Since the purpose of the research is to identify the characteristics of the electric sector users, who incur in irregularities of some kind in their consumption, this report intends to identify the variables that are more closely related or have a higher correlation with the variable of interest (irregularity). With this objective, it is sought to perform a multidimensional scaling to the data set that allows visualizing in some way the dependence between the variables that have been considered, based on the frequency that they present. In addition, the k-means models and decision trees are implemented for each of the data sets under study.

In light of the problem, the behavior of consumption in both companies will be studied and compared by statistical analysis according to the variables of social stratification of users, and given the characteristics of the database two of them will be considered in this case. Also, the consumption behavior, according to the variable of geographic type "zone", is always in relation to the objective variable.
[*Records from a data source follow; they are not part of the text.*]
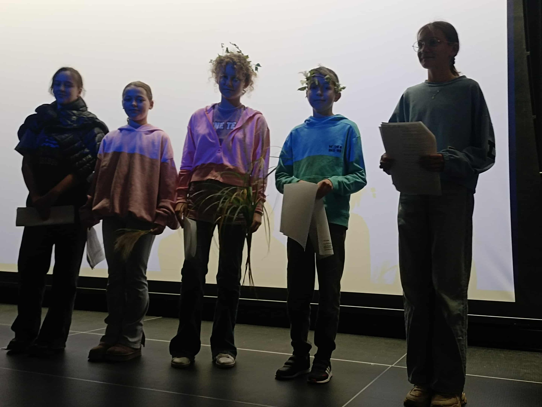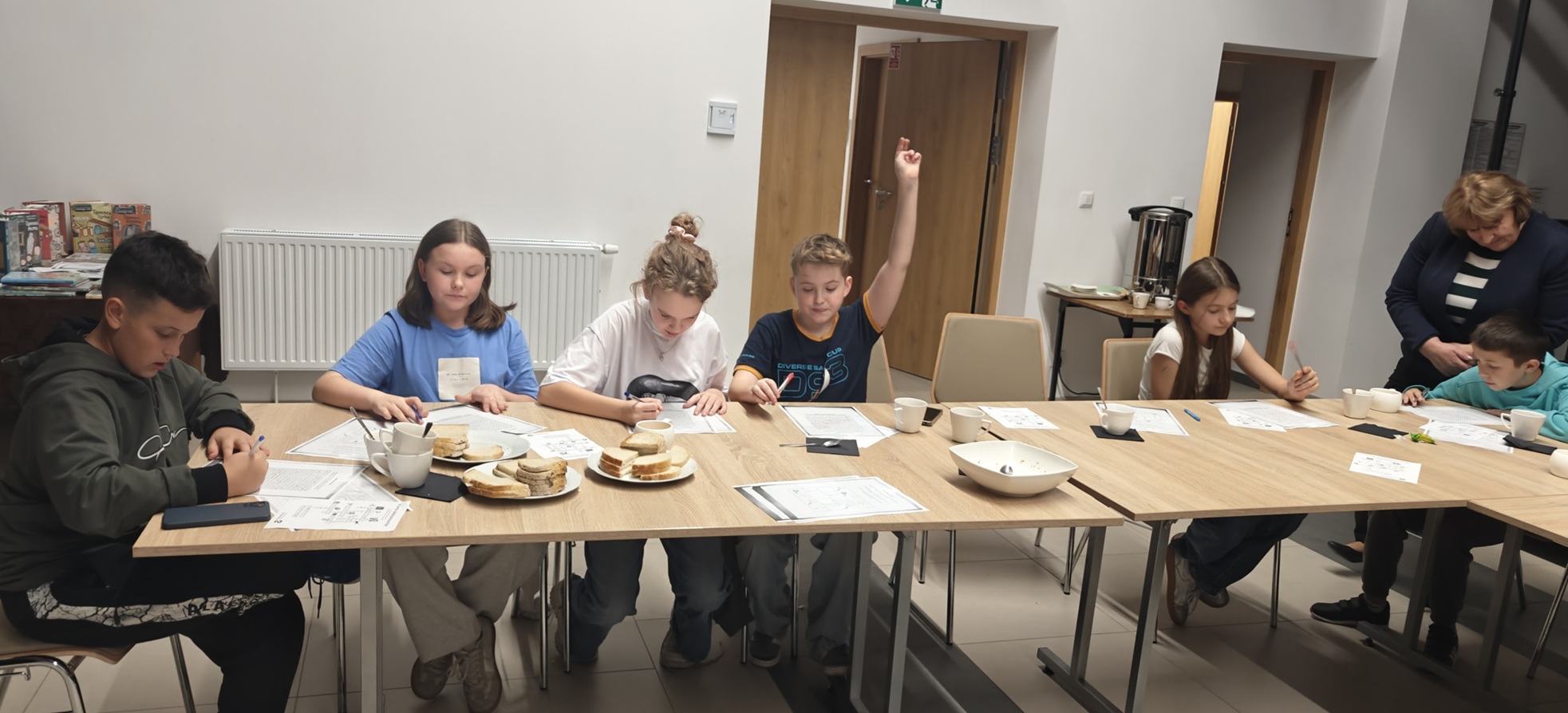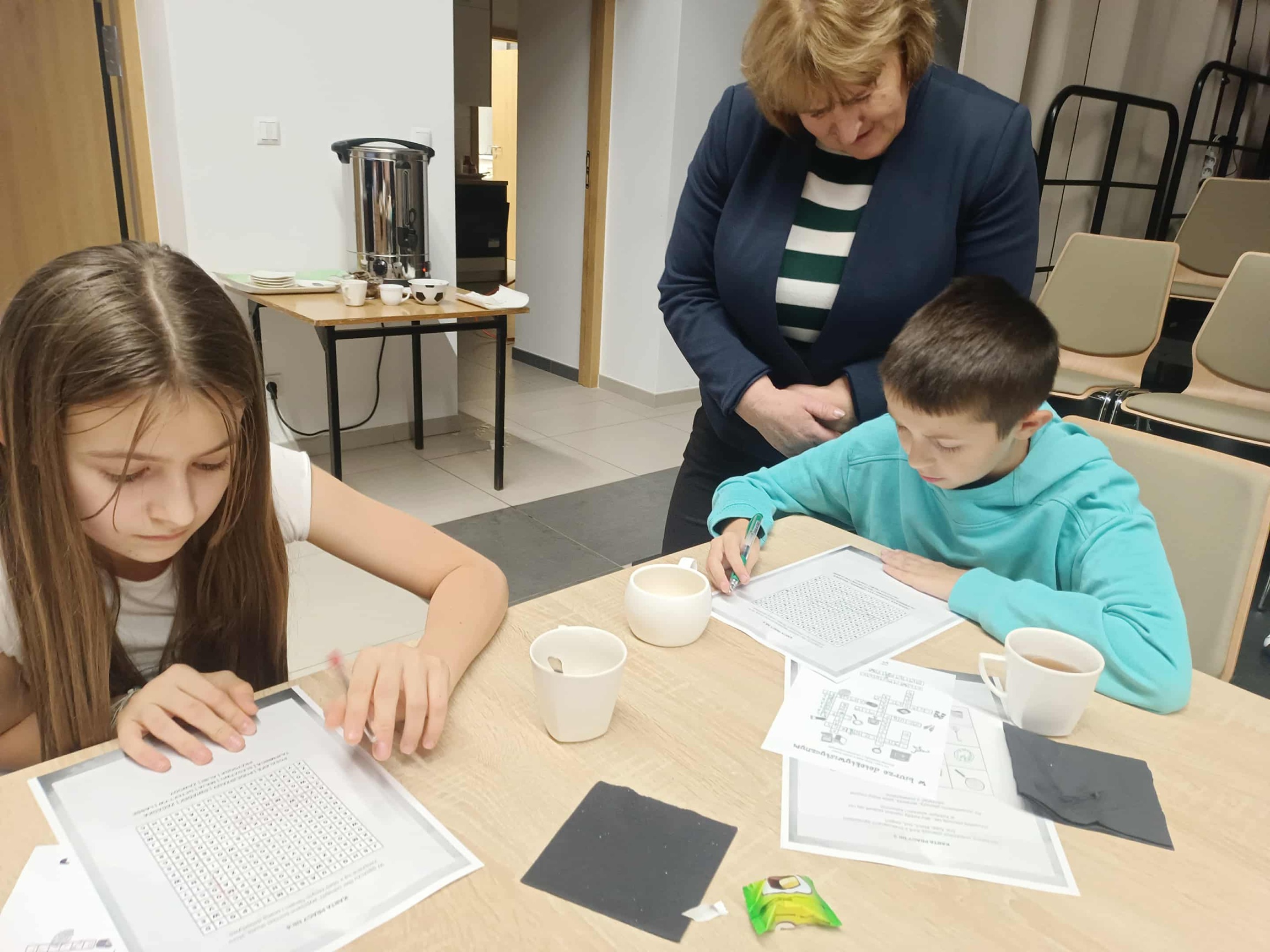 Po zakończeniu zajęć na terenie Szkoły wszyscy uczestnicy udali się na teren GOK w Rzeczycy. Pani Grażyna Kamińska z Biblioteki Publicznej w Rzeczycy, pełniąca również funkcję Dyrektora GOK, przygotowała uczniom pieczone kiełbaski i przekąski. Po poczęstunku uczniowie przedstawili swoje scenki mitologiczne dla wszystkich uczestników w sali widowiskowej GOK w Rzeczycy. Pani Grażyna Kamińska omówiła uczniom książki z serii Biuro Detektywistyczne Lassego i Mai, wszyscy obejrzeli film „Biuro Detektywistyczne Lassego i Mai. Rabuś z pociągu.” Na zakończenie uczniowie rozwiązywali krzyżówki i wykreślanki, które przygotowała pani Grażyna Kamińska.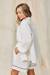 Блузка с центральной застежкой на петли и пуговицы, втачным воротником с отрезной стойкой На левой полочке-накладной карман, расположенный на уровне груди. Спинка с отрезной кокеткой, бантовой складкой, расположенной по шву притачивания кокетки. Плечо спущенное. Рукав втачной, длинный, с отрезной манжетой, застегивающейся на две петли и пуговицы. Шорты с отрезным поясом. Пояс присборен на резинку. Низ шорт с отрезными манжетами. В боковых швах расположены карманы. По шву притачивания манжет шорт, низу манжет рукавов, - втачной кант , контрастный основной ткани. Силуэт: прямой Вид покроя рукава: втачной Цветовая гамма для верха, подкладки, фурнитуры, отделки: комплект выполнен из ткани в одной цветовой гамме. Тип ткани: текстильный, костюмно – плательный Комплектация: блузка, шорты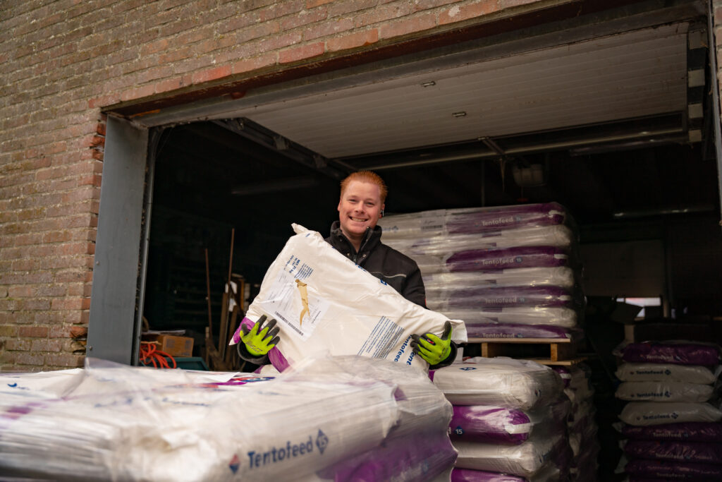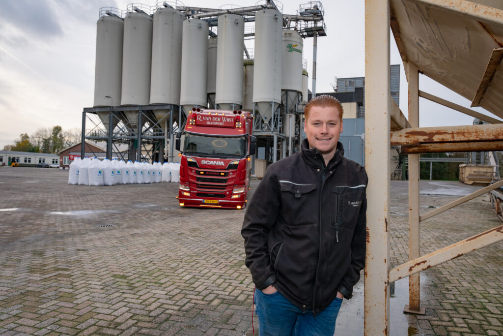 Zijn werk? Het vervoeren van zakgoed en bigbags naar boeren en agrarische bedrijven in Nederland, België en Duitsland. Geen schoon werk – zeker niet op een herfstige, natte dag als deze – maar het enthousiasme van Thomas spat er vanaf.

A set of tools will be used to determine the variables incident on the response variable, so that a reduction of the dimension of each of the data sets can be achieved by implementing a multidimensional scaling, this forms a decrease in the estimated execution times of the models implemented. Additionally, some descriptive techniques are recommended to detect anomalous situations in a data set that enhances the selection of the mentioned characteristics. Finally, an implementation of decision trees and vector support machines is carried out, which allows us to determine the efficiency of the selection of the variables by means of a comparative analysis among the models obtained with the complete base and with the reduced set.

2.1. Nature of the data

In order to solve the problem, we have considered the databases of two Colombian companies, energy marketers, which serve two regions of the country that are culturally and topographically different. For this purpose, we will call them Company 1 and Company 2.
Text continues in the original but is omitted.